:: ABOUT THIS EXERCISE ::
What's needed is an exact retyping of the lines from the start of the listing up to and including the line with "我昨天收到领导发来的几张图片", minus any pictures.

:: MATERIAL SHOWN ::
════════════════

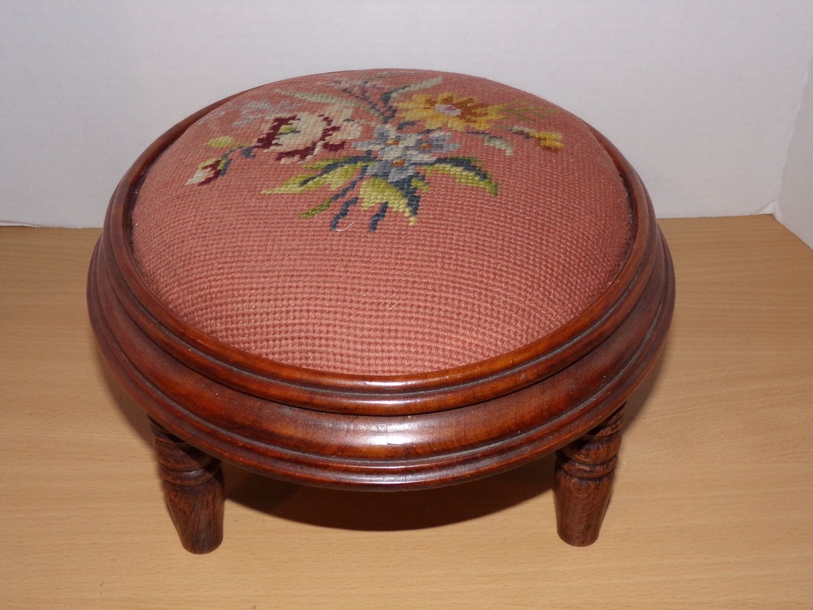 Title (ebay affiliate link): SMALL ANTIQUE OVAL FOOT STOOL PETIT POINT FLORAL NEEDLEPOINT MAUVE
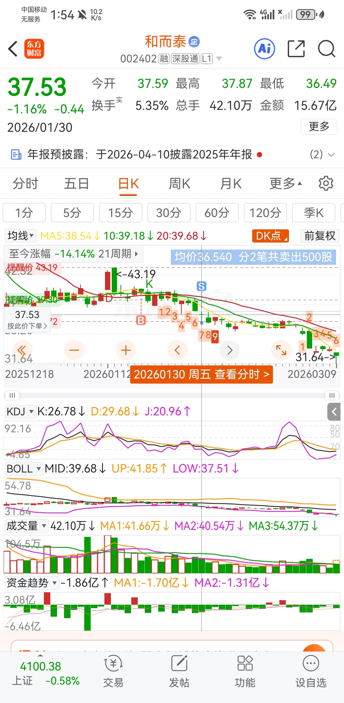 $和而泰(SZ002402)$ 哎我走了之后还跌了15个点 真难
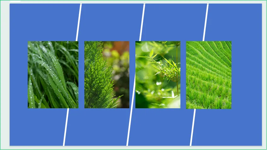 我昨天收到领导发来的几张图片,让我做成PPT目录页,而且领导要求非常特别:要有层次感,体现出春天绿意盎然的景象!我就用前段时间学到的“形状拆分+图片填充进形状+阴影效果+文字效果”进行设计。插入一个长矩形,再复制两个,三个长矩形进行水平居中设置。
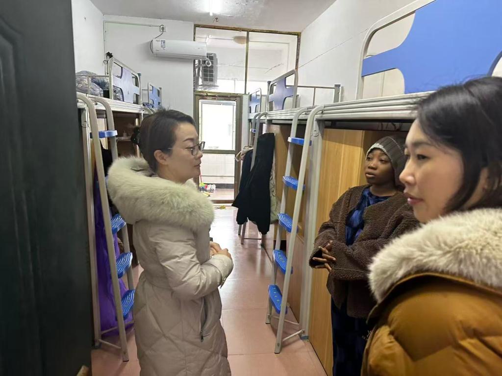 为确保在校国际学生度过一个安全、温馨的假期,1月26日,国际教育学院联合学生工作、后勤基建处、保卫部等相关负责人深入国际学生宿舍,开展安全隐患排查、设备维修检查及慰问活动。
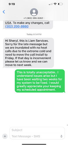 Tim for HVAC came out today. Again, Tim is professional, very nice, and knows his job. Those 21 years of experience show! Our home is a rehabbed house and a lot of things were done improperly. Tim repaired an air duct to the family room. Taking it a step above, he also redid the step that the air duct was hidden behind, AND better than the original! All this done in about an hour. I am so please with LIAM Services and I love all the guys that came out. They treated my home as if it was theirs, even cleaning up behind themselves. I have definitely found my forever service team!! 💜. P.S. the ladies in the office are wonderful too! (Jenna...
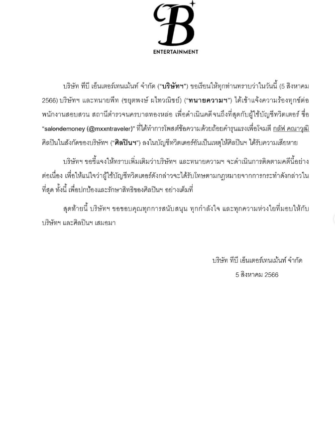 “บริษัท ทีบี เอ็นเตอร์เทนเม้นท์ จำกัด ขอเรียนให้ทุกท่านทราบว่าในวันนี้ 5 สิงหาคม 2566 บริษัทและทนายพีท ชยุตพงษ์ ผไทวณิชย์ ได้เข้าแจ้งความร้องทุกข์ต่อพนักงานสอบสวน สถานีตำรวจนครบาลทองหล่อ เพื่อดำเนินคดีจนถึงที่สุดกับผู้ใช้บัญชีทวิตเตอร์ ชื่อ ………………ที่ได้ทำการโพสต์ข้อความด้วยถ้อยคำรุนแรงเพื่อโจมตี กลัฟ คณาวุฒิ ศิลปินในสังกัดของบริษัทฯ ลงในบัญชีทวิตเตอร์อันเป็นเหตุให้ศิลปินฯ ได้รับความเสียหาย
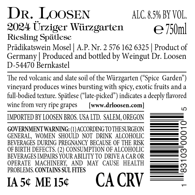 The insanely steep, red-soil Ürziger Würzgarten vineyard produces wines of a completely unique nature in the Mosel valley. The wines showcase the typically juicy and precocious fruit of the “spice garden” vineyard, with a rich mouth feel, brisk acidity and lingering finish. Spätlese is produced with grapes that have a week or two extra hang time, but still without any botrytis. The extra time on the vine gives them higher ripeness and deeper flavors.
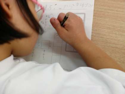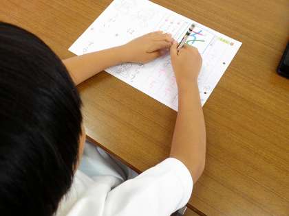 書き順をホワイトボードで確かめてから,10分間書く学習をしています。
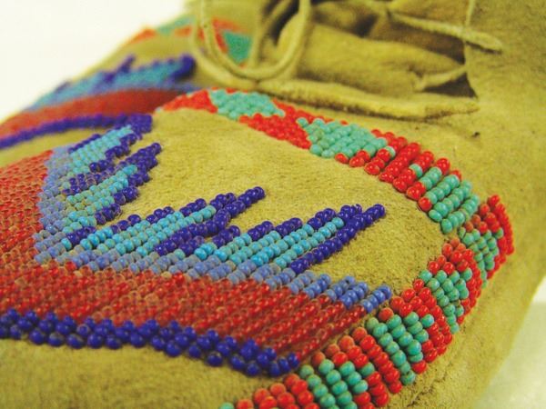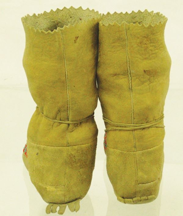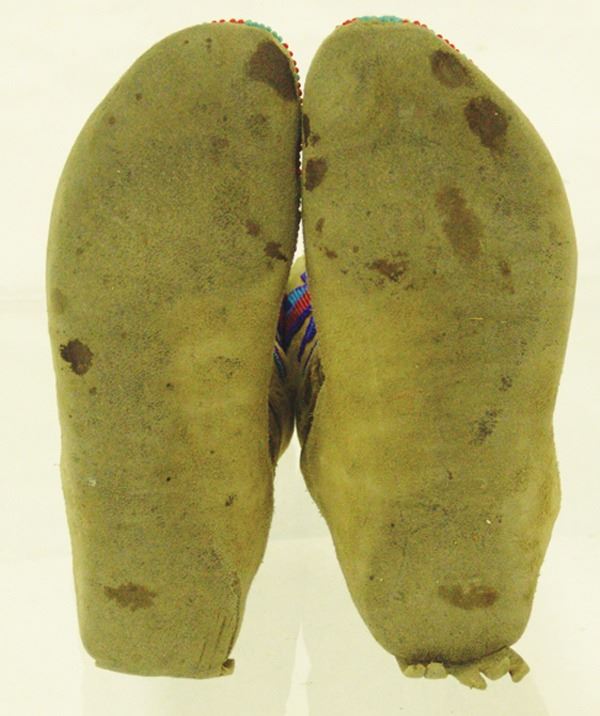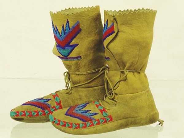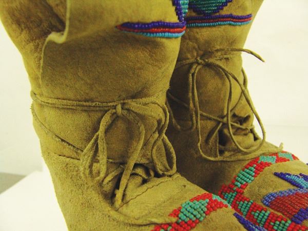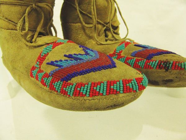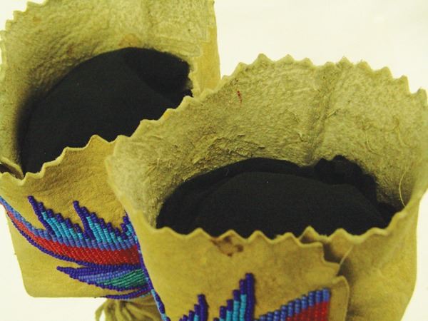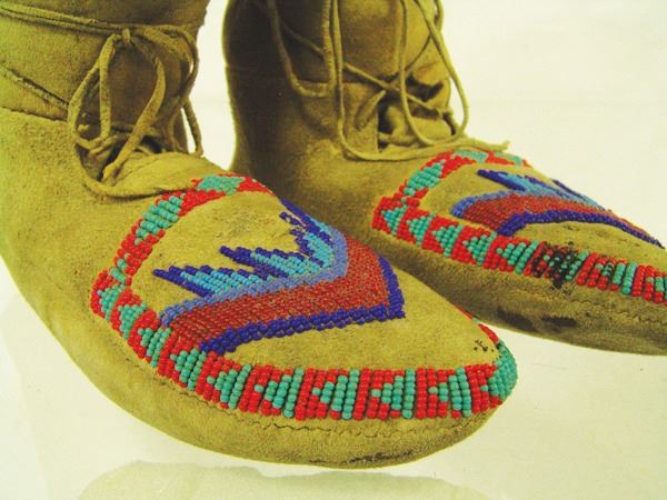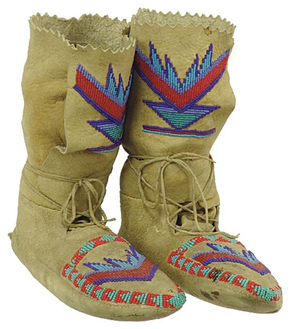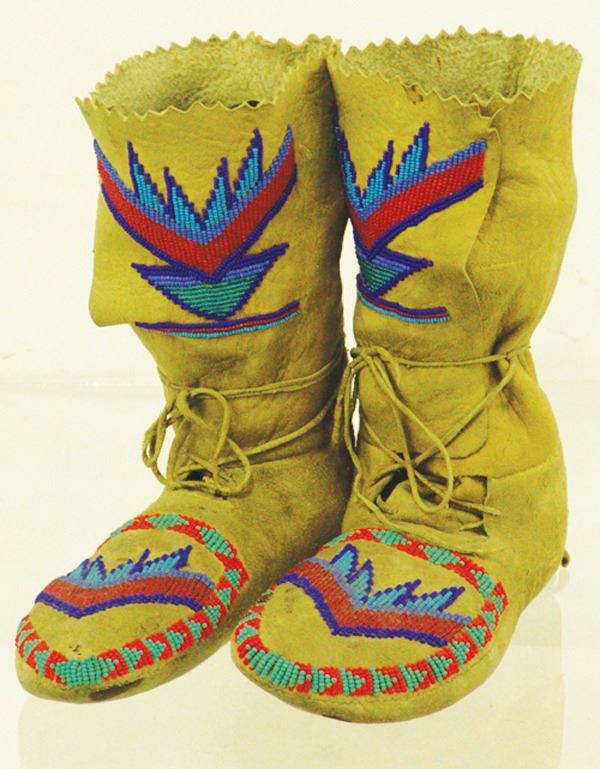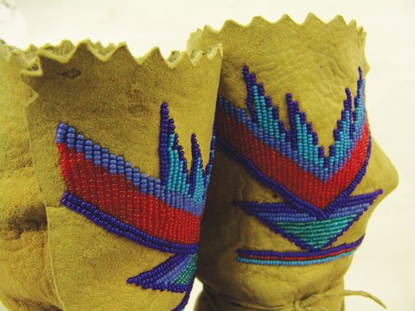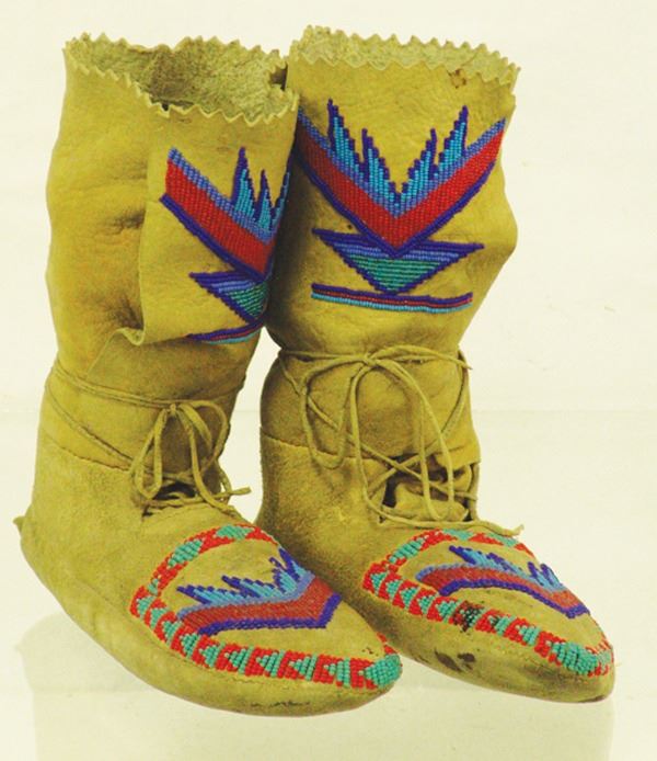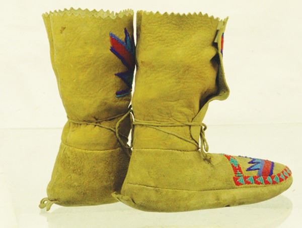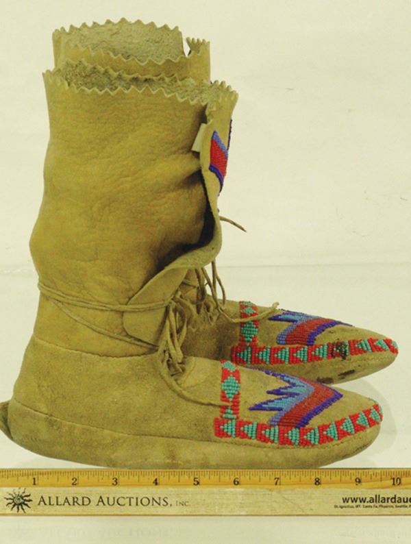 Vintage pair of tanned buffalo hide high top, soft-soled moccasins geometric symbols beaded on the uppers and vamps. Good, used condition.Ca. 1930s10-1/2"

════════════════

:: EXERCISE RESULT ::
 Title (ebay affiliate link): SMALL ANTIQUE OVAL FOOT STOOL PETIT POINT FLORAL NEEDLEPOINT MAUVE
 $和而泰(SZ002402)$ 哎我走了之后还跌了15个点 真难
 我昨天收到领导发来的几张图片,让我做成PPT目录页,而且领导要求非常特别:要有层次感,体现出春天绿意盎然的景象!我就用前段时间学到的“形状拆分+图片填充进形状+阴影效果+文字效果”进行设计。插入一个长矩形,再复制两个,三个长矩形进行水平居中设置。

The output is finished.